I'm trying to find the data that I need for for my work. And a lot of the times, a lot of information can be sourced from documentation, from a data catalog. I think right now, the data catalog, giving you the sense of, like, what datasets I have and what's the profile of those datasets, has been largely solved. There are great tools. You know, some are open source. Some are vendors. But overall, understanding what datasets you have now is way easier than it was five years ago. You also probably are consulting your tribal knowledge, and you go to Slack and you do, like, search for certain definitions. And that's also now is largely solved with a lot of the enterprise search tools. And then you go into writing code.
And writing code, I think this is also an important misconception. Like, if you are not really, you know, doing this for for a living, you think that people spend most of their time actually writing SQL and in terms of, like, writing SQL to for production. And in my experience, actual writing of the SQL or other types of code is maybe, like, 10 to 15% of my time, whereas all the operational tasks around testing it, talking to people to get context, doing code reviews, shipping it to production, monitoring it, remediating issues, talking to more people is where the bulk of the work is happening.
And if that's true, then that means that probably as we talk about automation, these operational workflows are where the bulk of the lift coming from MLMs can actually happen.

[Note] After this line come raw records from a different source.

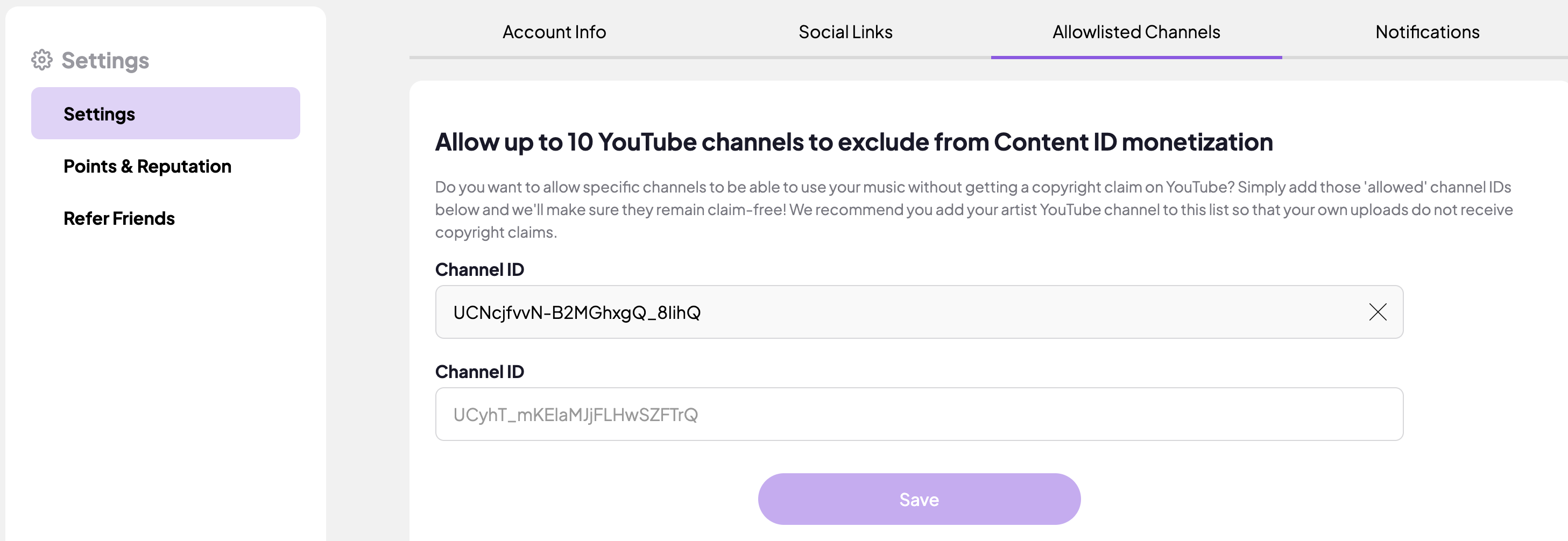 Simply add their channel IDs to the Allowlisted Channels tab in your Settings. This whitelist ensures those channels can use your music claim-free on YouTube.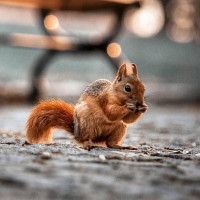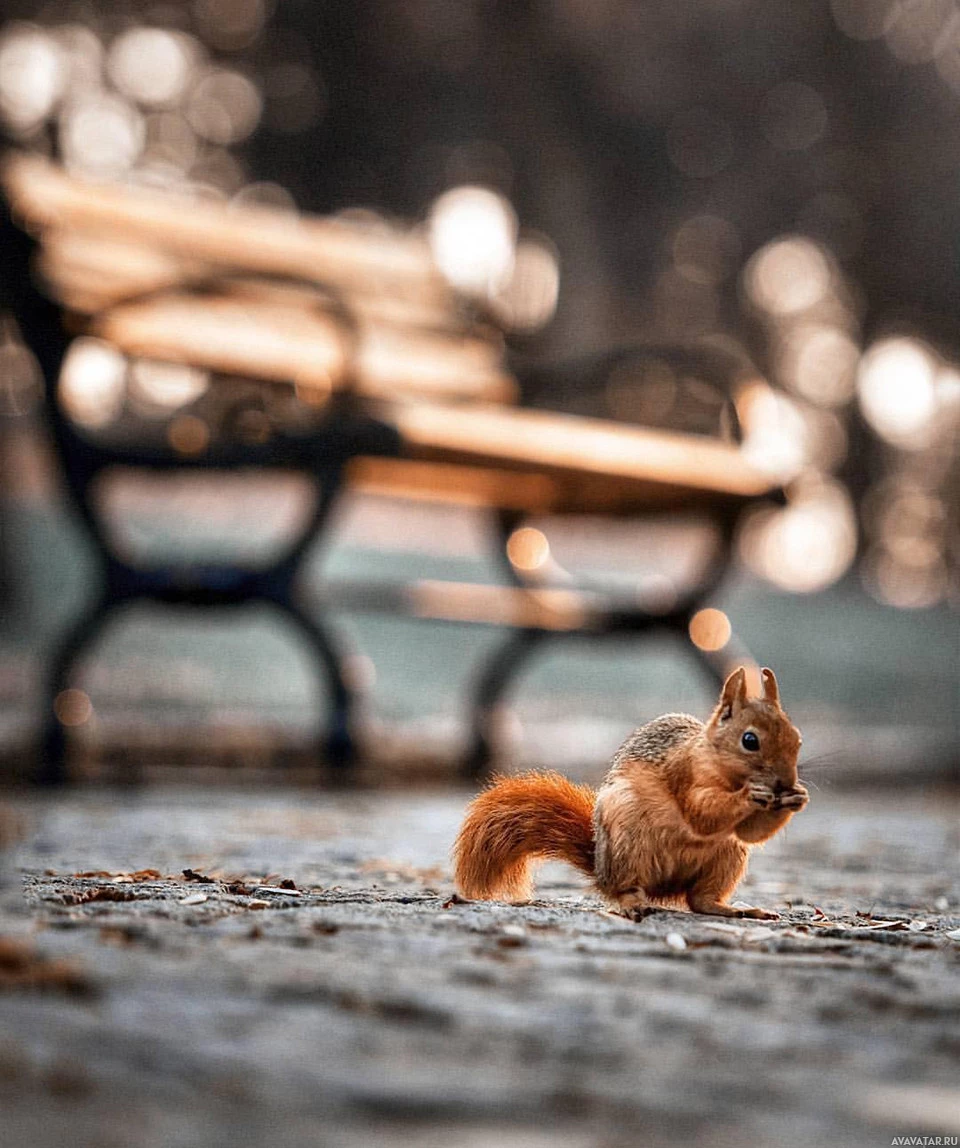 На этом снимке есть маленькая белка, сидящая на асфальтированной поверхности. Белка, кажется, смотрит в камеру и, возможно, что-то ест. На заднем плане видна скамейка в парке, что говорит о том, что эта фотография была сделана в общественном парке или аналогичном открытом пространстве.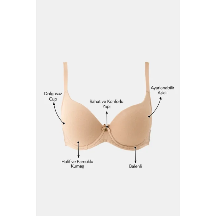 >This underwired, padded combed cotton bra; It maximizes daily comfort with its soft texture, breathable structure and natural form design. Each advantage has been specially selected to strengthen the user experience.

And so for actual writing code as a data engineer, I would still recommend probably using the best in class software tools these days, like Cursor. It will even though it's not aware of the data, it will probably still help you write a lot of boilerplate and will speed up your workflow somewhat. And or you can use other IDs with Copeland or, like, Versus Code plus Copilot. I think those tools will just help you speed up the writing of the code itself. But back to operational workflows that I think take the majority of the of the time within any kind of cycle of shipping some of shipping something. When it comes to what happens after you wrote the code, right, typically, if you have people who care about the quality of the data, it means that you have to do a fair amount of testing of your work.
And testing is both helping making sure that my code is correct. Right? Does it conform to the expectations? Does it produce the data that I expect? But it's also about understanding potential breakages. Data systems are historically fragile in the sense that you have layers and layers of dependencies that are often opaque because, I can be changing some definition of what an active user is somewhere in the pipeline. But then I can be completely oblivious of the fact that 10 jobs down the road, someone builds a machine learning model that consumes that definition and tries to automate certain decisions for, like, for example, spend and manipulating that metric. And so if I'm not aware of those downstream dependencies, I couldn't be actually causing a massive business disruption just by the sheer fact of changing it. And so the testing that involves not just understanding how the data behaves, but also how the data is consumed and what are the larger business implications for making any kind of modification to the code is where a ton of time is spent in the data engineering. And so what's interesting is that is the use case where, historically, we at Data Vault spend a lot of time thinking about even pre AI. And before a lens were a thing, what we did there was came up with a concept of data diffing. And the idea is everyone can see code diff. Right? My code looked like this before I made a change. Now it's it's a different numb you know, it's a different set of characters that, the code looks like. And, defining the code is something that is, like, embedded in GitHub. Right? You can see the diff. But the very hard question is understanding how does the data change based on the change in the code because that is not obvious. That happens, like, once you actually run the code against the database. And so Datadiff allow you to see the impact of a code change on the data. And that by itself was quite impactful, and we've seen a lot of teams adopt that, you know, large enterprise teams, fast moving software you know, startup teams. But we were not fully satisfied with the degree of automation that feature alone produced because people are still required to, like, sift through all the data diffs and explore them for multiple tables and see how the downstream impacts when they pass themselves through lineage.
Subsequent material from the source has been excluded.